Somos seis, tres en cada asiento, bajo la luz del quinqué. En
frente de mi, una rolliza señora con un rechoncho señor, un viejo
matrimonio. Un jorobado está en la esquina izquierda. A mi lado, un joven
matrimonio, o al menos una joven pareja. ¿Están casados? La joven es
hermosa, parece modesta, pero está demasiado perfumada. ¿Qué perfume es
éste? Lo conozco pero no lo determino. ¡Ah! Ya caigo. Piel
de España.
Esto no dice nada. Esperamos.
La gruesa señora mira fijamente a la joven con un aire de
hostilidad que me da que pensar. El grueso señor cierra los ojos. ¡Ya!
El jorobado se enrolla como un ovillo. Ya no veo donde están sus piernas.
No percibimos nada más que su mirada brillante bajo un gorro griego con
borla roja. Después se sumerge en su manta de viaje. Se diría un
paquetito arrojado sobre el asiento.
Únicamente la vieja señora permanece despierta, suspicaz,
recelosa, como un guardián encargado de vigilar el orden y la moralidad
del vagón.
Los jóvenes permanecen inmóviles, las rodillas envueltas en el
mismo chal, los ojos abiertos, sin hablar; ¿están casados? Yo
finjo dormir pero estoy al acecho.
Las nueve. La señora gruesa va a sucumbir; cierra los ojos una vez
tras otra, inclina la cabeza hacia el pecho y
vuelve a levantarla bruscamente. Ya está. Duerme. ¡Oh
sueño, misterio ridículo que confiere al rostro los aspectos más
grotescos, tu eres la revelación de fealdad humana. Tu haces aparecer
todos los defectos, las deformidades y las taras! Tu haces que cada cara
tocada por ti se transforme rápidamente en una caricatura. Me
levanto y extiendo el ligero
velo azul sobre el quinqué. Después me adormezco. De
vez en cuando, la parada del tren me despierta. Un empleado grita el
nombre de una ciudad, después volvemos a partir. Llega
la aurora. Seguimos el Ródano, que desciende hacia el Mediterráneo. Todo
el mundo duerme. Los jóvenes están abrazados. Un pie de la joven ha
salido del chal. ¡Tiene medias blancas! Es normal: están casados.

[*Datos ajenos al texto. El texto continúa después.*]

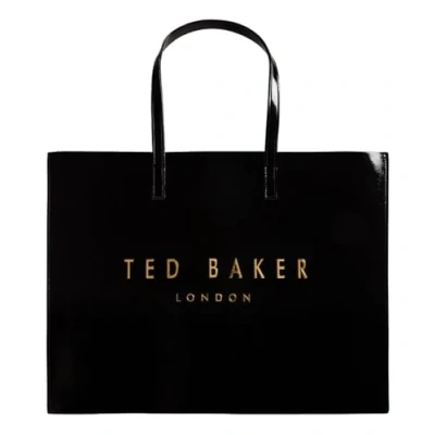 Design - The Ted Baker Crikon Crinkle Icon Bag XL impresses with its shiny finish and gold logo for a luxurious look. Functionality - Spacious main compartment offers plenty of space for your essentials, ideal for everyday life, shopping or leisure. Comfort - Two sturdy handles with approx. 20 inch length allows for comfortable carrying over the shoulder or in your hand. Quality - Made of durable polyurethane outer and polyester inside, with reinforced base and edges for stability. Style - The bag in classic black goes with any outfit and gives your appearance an elegant touch.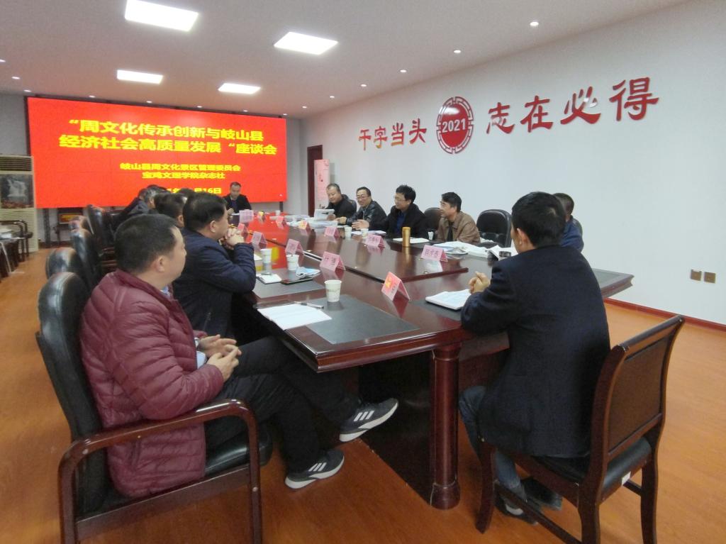 beat365杂志社办公室主任马亚利,学报社科副主编张福安,马克思主义学院许勇为博士,政法学院韩虎泰博士,历史与旅游管理学院赵建昌副教授,岐山县周文化景区管委会党政办公室主任贺建锋,岐山县文旅局党委委员、广播电视台台长冯建科,岐山县文旅局党委委员、文化馆馆长付博,岐山县周原博物馆馆长徐建军,周文化研究会副会长马庆伟、邵宏涛,周文化研究会秘书长王刚等参加了座谈会。(杂志社 文/图/马亚利、贺建锋 审核/刘林魁)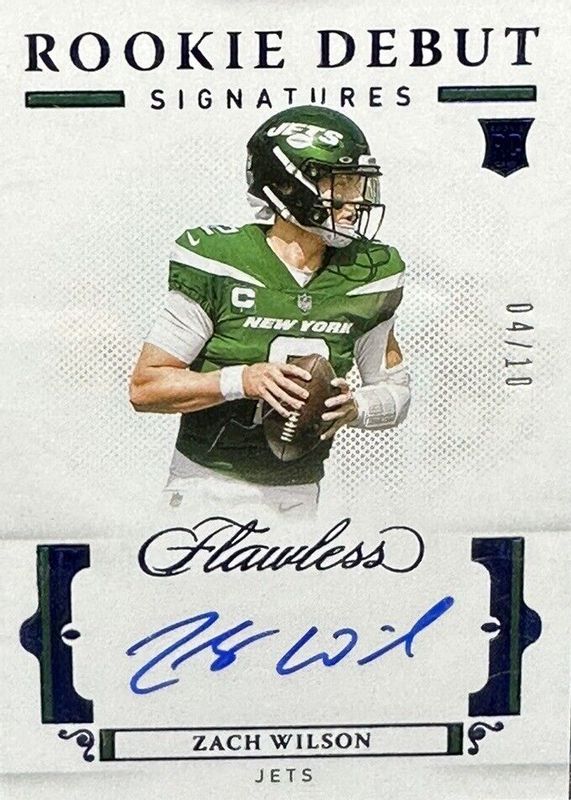 The Zach Wilson 2021 Flawless #RDS-ZWI Rookie Debut Signatures - Sapphire (/10) card in Raw condition has not changed in price in the last 30 days and was last sold for $194.50 .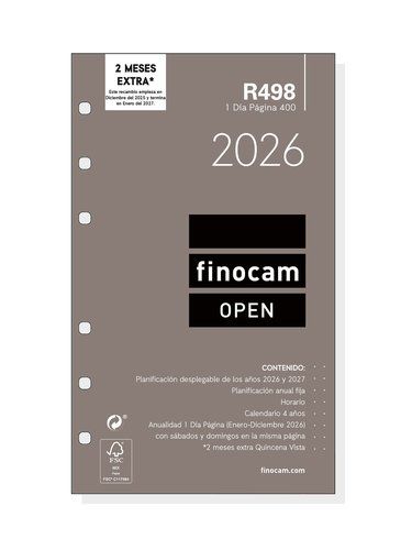 RECAMBIO AGENDA ANUAL (2026) FINOCAM R498 OPEN 400

No
huele bien en el compartimento. Abro una ventana para renovar el aire. El
frío despierta a todo el mundo, con excepción del jorobado que ronca
como un tronco bajo su manta. La
fealdad de los rostros se acentúa más bajo la luz del nuevo día. La
señora gruesa, roja, despeinada, horrorosa, echa una mirada circular y
malvada a sus vecinos. La joven mira sonriendo a su compañero. ¡Si no
estuviera casada primero habría mirado a su espejo! Llegamos
a Marsella. Veinte minutos de parada. Desayuno. Partimos de nuevo. Tenemos
al jorobado de menos y dos viejos señores de más. Entonces,
los dos matrimonios, el viejo y el joven, desempacan provisiones. Pollo
por aquí, ternera fría por allá, sal y pimienta en papel, pepinillos en
un pañuelo, ¡todo lo que nos puede quitar las ganas de las comidas
durante la eternidad! No conozco nada más común, más grosero, más
inconveniente, más de mal gusto que comer en un vagón donde se
encuentran otros viajeros. Si
hiela, ¡abrid las puertas! Si hace calor, ¡cerradlas y fumad pipa así
tuvierais horror al tabaco; poneos a cantar, ladrad, liberaros a las
excentricidades más molestas, sacad vuestros botines y vuestros
calcetines y cortad las uñas de los pies; procurad, en fin, devolver a
estos vecinos maleducados la moneda de su saber vivir. El
hombre precavido trae un frasco de bencina o de petróleo para derramarla
sobre los cojines tan pronto como uno se pone a cenar a su lado. Todo está
permitido, todo es demasiado suave para los groseros que os envenenan con
el olor de su pienso. Seguíamos
el mar azul. El sol cae en lluvia sobre la costa
poblada de las sugestivas ciudades. He
aquí Saint-Raphaël. Allá
abajo Saint-Tropez, pequeña capital de este desconocido desierto y
encantador país que denominan las Montañas de los Moros. Un gran río,
sobre el cual ningún puente se había construido, el Argens, separa del
continente esta isla casi salvaje, donde se puede caminar un día entero
sin encontrar un ser, donde los pueblos encaramados en lo alto de los
montes han permanecido como antiguamente, con sus casas orientales, sus
arcadas, sus puertas cimbradas, esculpidas y bajas. Ningún
ferrocarril, ningún coche público penetra en estos maravillosos y
arbolados pequeños valles. Únicamente una antigua diligencia lleva el
letrero de Hyères y de Saint-Tropez. Pasamos
rápidamente. Aquí Cannes, tan hermoso al borde de sus dos golfos, en
frente de las islas de Lérins que serían, si se las pudiese unir a la
tierra, dos paraísos para las enfermedades. Ahí
el golfo de Juan; la escuadra acorazada parece dormida sobre el agua. Niza.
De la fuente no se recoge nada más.